In the material below, find the line with "Коллектор регулирующий FAR" and the line with "2 film holders.", then output those two lines and every line between them, exactly.

DATA PROVIDED:
▼

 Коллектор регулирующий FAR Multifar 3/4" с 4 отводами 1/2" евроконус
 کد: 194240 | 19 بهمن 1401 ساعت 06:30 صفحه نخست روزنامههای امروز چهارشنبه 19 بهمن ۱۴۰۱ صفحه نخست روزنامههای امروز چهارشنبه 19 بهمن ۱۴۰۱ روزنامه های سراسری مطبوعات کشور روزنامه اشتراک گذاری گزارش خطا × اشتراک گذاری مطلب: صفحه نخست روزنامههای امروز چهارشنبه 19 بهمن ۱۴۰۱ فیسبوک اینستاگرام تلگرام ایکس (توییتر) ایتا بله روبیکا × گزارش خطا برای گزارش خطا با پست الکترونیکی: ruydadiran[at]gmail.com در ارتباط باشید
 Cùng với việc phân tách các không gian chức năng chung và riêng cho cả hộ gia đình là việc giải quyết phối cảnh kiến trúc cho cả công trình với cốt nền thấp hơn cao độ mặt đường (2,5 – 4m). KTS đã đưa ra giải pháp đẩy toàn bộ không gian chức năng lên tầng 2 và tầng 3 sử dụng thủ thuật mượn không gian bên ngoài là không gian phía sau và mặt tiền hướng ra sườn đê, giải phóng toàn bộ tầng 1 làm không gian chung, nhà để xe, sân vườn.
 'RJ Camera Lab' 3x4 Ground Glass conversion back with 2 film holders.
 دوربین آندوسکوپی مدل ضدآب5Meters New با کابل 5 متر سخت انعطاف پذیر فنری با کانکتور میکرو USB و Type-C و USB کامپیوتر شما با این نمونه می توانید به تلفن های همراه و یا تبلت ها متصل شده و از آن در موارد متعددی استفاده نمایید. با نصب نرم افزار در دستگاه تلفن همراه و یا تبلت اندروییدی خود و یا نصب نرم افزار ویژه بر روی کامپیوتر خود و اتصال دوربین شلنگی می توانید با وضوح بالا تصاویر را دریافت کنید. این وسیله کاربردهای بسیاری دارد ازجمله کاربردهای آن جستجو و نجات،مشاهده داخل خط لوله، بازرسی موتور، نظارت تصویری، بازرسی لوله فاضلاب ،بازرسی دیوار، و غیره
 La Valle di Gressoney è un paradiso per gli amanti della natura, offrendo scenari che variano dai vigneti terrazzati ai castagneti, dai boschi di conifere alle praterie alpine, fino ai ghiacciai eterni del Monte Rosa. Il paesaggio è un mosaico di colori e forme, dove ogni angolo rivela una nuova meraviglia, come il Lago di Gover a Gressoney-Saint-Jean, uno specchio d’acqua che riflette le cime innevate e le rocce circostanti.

▲
▼

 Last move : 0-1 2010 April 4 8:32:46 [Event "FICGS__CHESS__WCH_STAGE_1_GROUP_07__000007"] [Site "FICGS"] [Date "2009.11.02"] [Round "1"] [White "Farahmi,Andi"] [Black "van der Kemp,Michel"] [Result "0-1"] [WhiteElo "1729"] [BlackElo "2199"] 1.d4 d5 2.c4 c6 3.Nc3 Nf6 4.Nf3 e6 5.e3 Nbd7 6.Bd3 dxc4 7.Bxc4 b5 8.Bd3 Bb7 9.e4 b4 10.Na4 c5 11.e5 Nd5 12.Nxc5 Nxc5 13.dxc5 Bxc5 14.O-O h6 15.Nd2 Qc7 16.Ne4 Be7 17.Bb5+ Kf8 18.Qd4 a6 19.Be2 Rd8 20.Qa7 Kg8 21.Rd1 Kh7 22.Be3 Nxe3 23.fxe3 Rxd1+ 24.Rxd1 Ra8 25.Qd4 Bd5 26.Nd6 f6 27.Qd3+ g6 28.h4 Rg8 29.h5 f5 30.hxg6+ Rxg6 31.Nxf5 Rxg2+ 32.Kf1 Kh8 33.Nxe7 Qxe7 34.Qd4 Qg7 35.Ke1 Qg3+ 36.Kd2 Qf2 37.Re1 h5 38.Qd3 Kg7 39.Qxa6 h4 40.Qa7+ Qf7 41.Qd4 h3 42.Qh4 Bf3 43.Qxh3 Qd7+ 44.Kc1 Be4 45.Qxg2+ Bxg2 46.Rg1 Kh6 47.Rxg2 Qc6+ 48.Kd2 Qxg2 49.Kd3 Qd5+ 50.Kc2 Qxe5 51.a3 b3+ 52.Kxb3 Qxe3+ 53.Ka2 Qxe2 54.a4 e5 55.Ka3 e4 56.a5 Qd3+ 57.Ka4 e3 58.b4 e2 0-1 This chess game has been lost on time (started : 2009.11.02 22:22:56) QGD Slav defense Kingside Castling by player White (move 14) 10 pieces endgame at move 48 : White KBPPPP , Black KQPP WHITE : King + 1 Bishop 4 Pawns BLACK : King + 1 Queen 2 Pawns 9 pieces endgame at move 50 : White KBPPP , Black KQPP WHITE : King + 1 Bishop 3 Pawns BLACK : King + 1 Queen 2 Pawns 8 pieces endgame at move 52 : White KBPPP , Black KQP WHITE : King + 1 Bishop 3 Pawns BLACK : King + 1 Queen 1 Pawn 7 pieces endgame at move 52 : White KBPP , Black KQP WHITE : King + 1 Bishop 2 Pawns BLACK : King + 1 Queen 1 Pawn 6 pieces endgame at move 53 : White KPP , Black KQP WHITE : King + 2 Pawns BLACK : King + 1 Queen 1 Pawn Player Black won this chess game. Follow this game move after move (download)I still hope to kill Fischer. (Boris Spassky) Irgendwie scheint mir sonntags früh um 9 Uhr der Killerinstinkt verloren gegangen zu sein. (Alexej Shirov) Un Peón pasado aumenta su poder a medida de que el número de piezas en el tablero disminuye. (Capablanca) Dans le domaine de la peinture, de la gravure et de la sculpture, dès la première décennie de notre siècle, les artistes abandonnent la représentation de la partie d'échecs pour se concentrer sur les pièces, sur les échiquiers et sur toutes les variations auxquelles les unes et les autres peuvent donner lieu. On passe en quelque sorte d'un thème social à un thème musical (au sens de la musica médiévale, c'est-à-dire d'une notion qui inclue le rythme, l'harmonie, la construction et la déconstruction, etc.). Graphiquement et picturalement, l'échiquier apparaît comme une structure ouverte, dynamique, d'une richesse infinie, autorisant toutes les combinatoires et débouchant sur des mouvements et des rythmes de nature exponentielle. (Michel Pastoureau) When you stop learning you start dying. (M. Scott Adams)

▲

RESPONSE TO THIS TASK:
 Коллектор регулирующий FAR Multifar 3/4" с 4 отводами 1/2" евроконус
 کد: 194240 | 19 بهمن 1401 ساعت 06:30 صفحه نخست روزنامههای امروز چهارشنبه 19 بهمن ۱۴۰۱ صفحه نخست روزنامههای امروز چهارشنبه 19 بهمن ۱۴۰۱ روزنامه های سراسری مطبوعات کشور روزنامه اشتراک گذاری گزارش خطا × اشتراک گذاری مطلب: صفحه نخست روزنامههای امروز چهارشنبه 19 بهمن ۱۴۰۱ فیسبوک اینستاگرام تلگرام ایکس (توییتر) ایتا بله روبیکا × گزارش خطا برای گزارش خطا با پست الکترونیکی: ruydadiran[at]gmail.com در ارتباط باشید
 Cùng với việc phân tách các không gian chức năng chung và riêng cho cả hộ gia đình là việc giải quyết phối cảnh kiến trúc cho cả công trình với cốt nền thấp hơn cao độ mặt đường (2,5 – 4m). KTS đã đưa ra giải pháp đẩy toàn bộ không gian chức năng lên tầng 2 và tầng 3 sử dụng thủ thuật mượn không gian bên ngoài là không gian phía sau và mặt tiền hướng ra sườn đê, giải phóng toàn bộ tầng 1 làm không gian chung, nhà để xe, sân vườn.
 'RJ Camera Lab' 3x4 Ground Glass conversion back with 2 film holders.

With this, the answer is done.